Malgré tout le mal qu'il m'a fait, malgré ma volonté d'être une mante religieuse sans scrupule, la souffrance de Bastien me brise le cœur. Elle me rappelle ma propre douleur et je ne parviens pas à demeurer insensible. Ses yeux dont les larmes rendent le vert plus intense me supplient de le réconforter.

Je m'assois auprès de lui. Il entoure ma taille de ses bras, pose son visage sur le haut de ma poitrine et pleure sans retenue. Ses larmes glissent entre mes seins et ne tardent pas à inonder mon soutien-gorge. Nous restons ainsi de longues minutes, peut-être même une heure, assez longtemps pour me remémorer les évènements qui ont suivi ce terrible accident.

Évidemment, ma mère ne s'est jamais remise du décès brutal et violent de mon père. Elle a sombré dans la dépression. Elle a même dû accepter de se faire hospitaliser tant nous jugions, mon frère et moi ainsi que notre médecin généraliste, son état inquiétant.

Quelques mois après le drame, au bout du troisième ou quatrième séjour en hôpital psychiatrique, un médecin nous a confié ses suspicions. Il nous a demandé d'accompagner notre mère faire des examens auprès de plusieurs spécialistes. Son diagnostic a alors été confirmé :

- Je dois vous annoncer que mes confrères corroborent mes soupçons. Votre mère est atteinte de la maladie d'Alzheimer.

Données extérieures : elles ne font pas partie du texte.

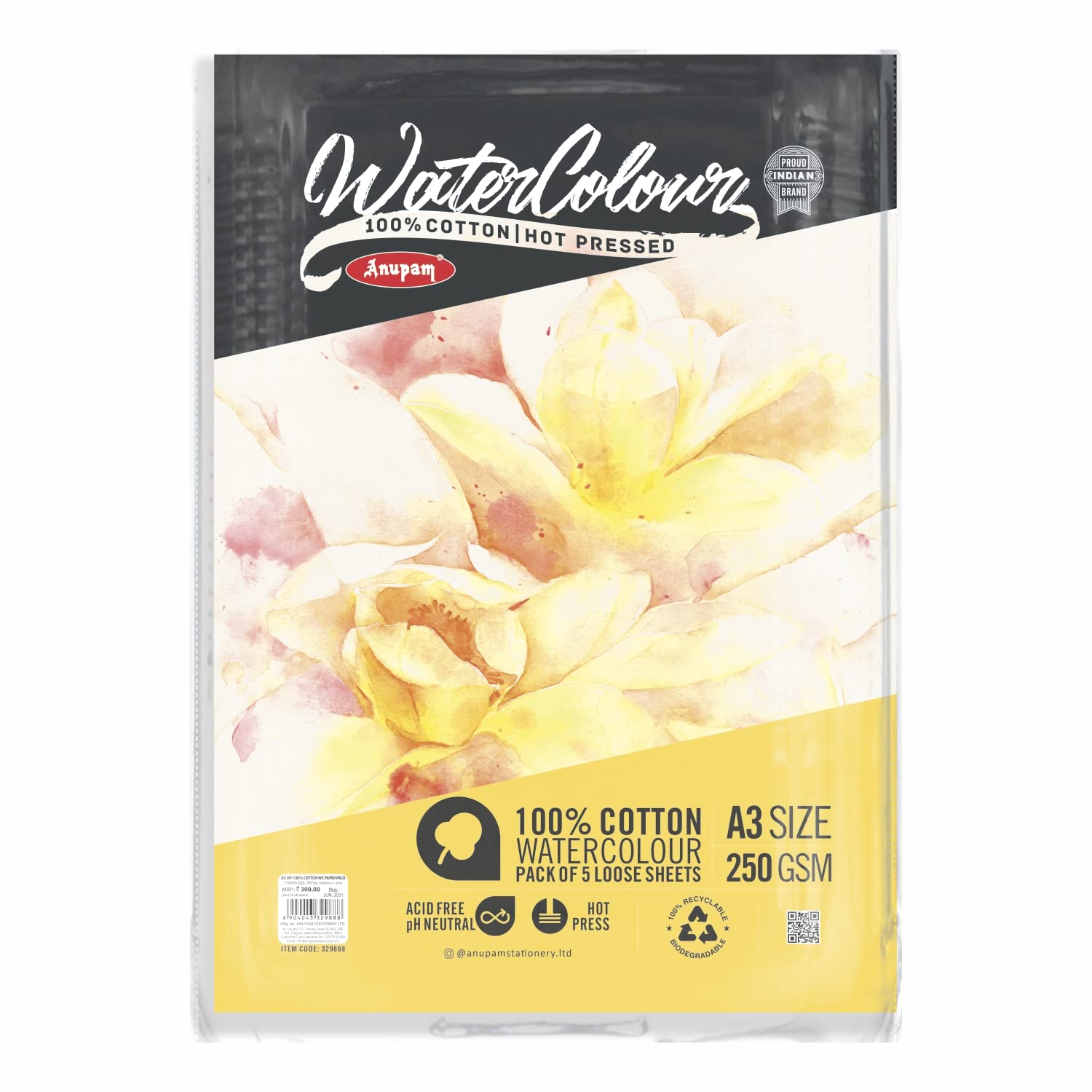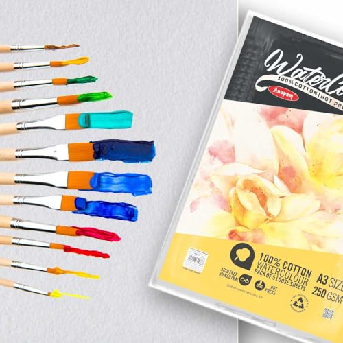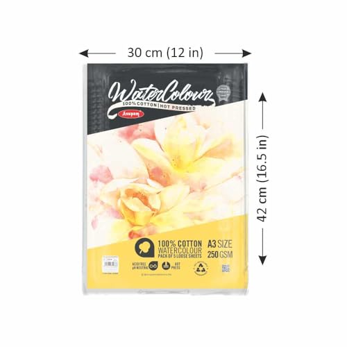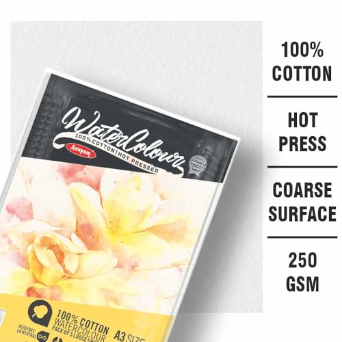 Anupam 100% Cotton Watercolour Paper Loose Sheets - Natural White - Hot Pressed Paper - 250 GSM - 10 Pages - A3

- Alzheimer ? Si jeune ? Elle n'a que quarante-six ans et je n'ai pas l'impression qu'elle perd la mémoire, j'objecte.

- Il est possible que le traumatisme crânien, le choc émotionnel et la dépression faisant suite à son accident de voiture aient favorisé l'apparition précoce de la maladie. La perte de mémoire ne fait pas nécessairement partie des premiers symptômes généralement constatés. Ce qui m'a interpellé chez votre mère, outre sa perte d'intérêt, ses changements de comportement, d'humeur et de personnalité qui peuvent être dûs à des troubles mentaux, ce sont ses occasionnelles confusions de langage. Il lui arrive de substituer un mot à un autre. De plus, il lui arrive d'être désorientée. Par exemple, elle ne sait plus retourner jusqu'à sa chambre alors qu'elle fait le même trajet dans les couloirs plusieurs fois par jour. C'est rare et cela ne dure que quelques secondes, mais mes confrères, par leurs examens plus approfondis, confirment mes observations.

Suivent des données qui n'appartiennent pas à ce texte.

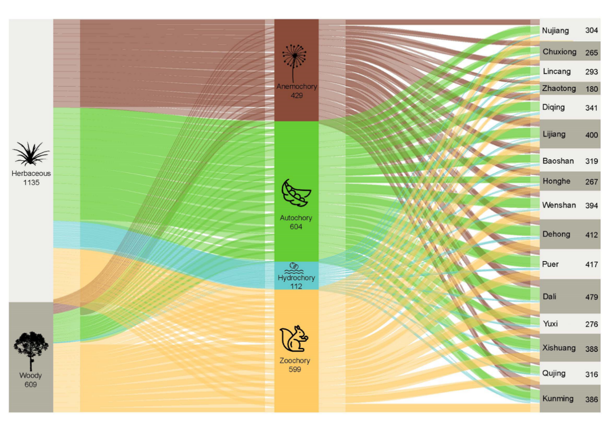 Figure 3 Sankey chart of species composition in 16 cities surveyed in Yunnan province, China. The number represent spontaneous species richness.
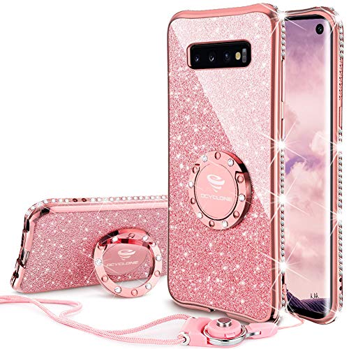 OCYCLONE Galaxy S10 Case, Glitter Cute Phone Case for Women Girls with Kickstand, Bling Diamond Rhinestone Bumper with Ring Stand Compatible with Galaxy S10 Case for Girl Women – Rose Gold [Pink]

Je me souviens à quel point son annonce m'a heurtée. La dépression était déjà une maladie qui m'effrayait. La peur que ma mère passe à l'acte ne me quittait pas. Mais cette maladie me terrifiait encore plus, peut-être parce que je ne la connaissais pas vraiment, ou peut-être parce que je savais qu'elle ne se soignait pas.

C'était inéluctable, elle allait progressivement nous oublier et finir par s'oublier elle-même, jusqu'à devenir complètement dépendante. Sonnée, je m'étais efforcée de garder une certaine contenance, en apparence en tout cas.

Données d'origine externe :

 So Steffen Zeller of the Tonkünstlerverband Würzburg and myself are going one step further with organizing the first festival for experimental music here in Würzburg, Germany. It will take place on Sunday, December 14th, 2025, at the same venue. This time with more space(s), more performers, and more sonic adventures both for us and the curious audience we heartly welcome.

- Ah... D'accord. Et... Qu'est-ce qu'on doit faire ?

- Pour l'instant, votre mère me paraît encore capable de rester chez elle. Mais vous devrez porter une grande attention à la détérioration de son état de santé. Vous finirez tôt ou tard par devoir la placer en EHPAD Alzheimer.

- Je ne mettrai jamais ma mère en EHPAD ! s'est écrié brutalement mon frère.

- Il existe d'autres alternatives, Monsieur. Mais elles sont plus contraignantes ou plus onéreuses. Quoi qu'il en soit, vous avez un peu de temps pour y réfléchir.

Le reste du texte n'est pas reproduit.